TASK ITEM >>
Please transcribe the data below exactly. Leave the pictures out.

DATA SHOWN section start

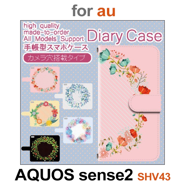 SHV43 ケース カバー スマホ 手帳型 au AQUOS sense2 花 植物 dc-624
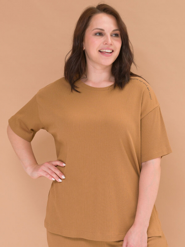 Халат с застежкой на петли и пуговицы, полуприлегающего силуэта, длиной ниже колена, с V-образной горловиной, с фигурными накладными карманами. Рукав втачной, короткий, с декоративными защипами, на манжете. Полочки с кокетками и декоративными защипами. В нижней части боковых швов обработаны разрезы. Горловина спинки и отделочные элементы карманов обработаны бейкой из основного полотна.
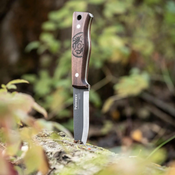 Універсальний ніж для бушкрафту і виживання від німецького бренду Petromax. Клинок з вуглецевої сталі витримує сильні удари й підходить для роботи з деревом. Скандинавське заточування допомагає робити контрольовані тонкі надрізи. Накладне горіхове руківʼя доповнено функцією антиковзання. Повний хвостовик (Full Tang) — найміцніша з ножових конструкцій.
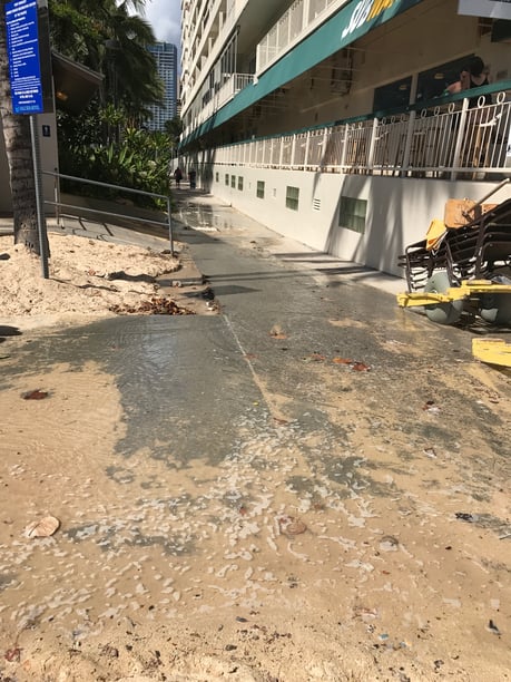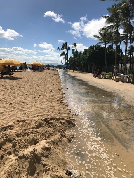 今日の時点でもまだ満潮前にこれだけ水が流れて来ています。

DATA SHOWN section end

OUTPUT FOR THIS TASK >>
 SHV43 ケース カバー スマホ 手帳型 au AQUOS sense2 花 植物 dc-624
 Халат с застежкой на петли и пуговицы, полуприлегающего силуэта, длиной ниже колена, с V-образной горловиной, с фигурными накладными карманами. Рукав втачной, короткий, с декоративными защипами, на манжете. Полочки с кокетками и декоративными защипами. В нижней части боковых швов обработаны разрезы. Горловина спинки и отделочные элементы карманов обработаны бейкой из основного полотна.
 Універсальний ніж для бушкрафту і виживання від німецького бренду Petromax. Клинок з вуглецевої сталі витримує сильні удари й підходить для роботи з деревом. Скандинавське заточування допомагає робити контрольовані тонкі надрізи. Накладне горіхове руківʼя доповнено функцією антиковзання. Повний хвостовик (Full Tang) — найміцніша з ножових конструкцій.
 今日の時点でもまだ満潮前にこれだけ水が流れて来ています。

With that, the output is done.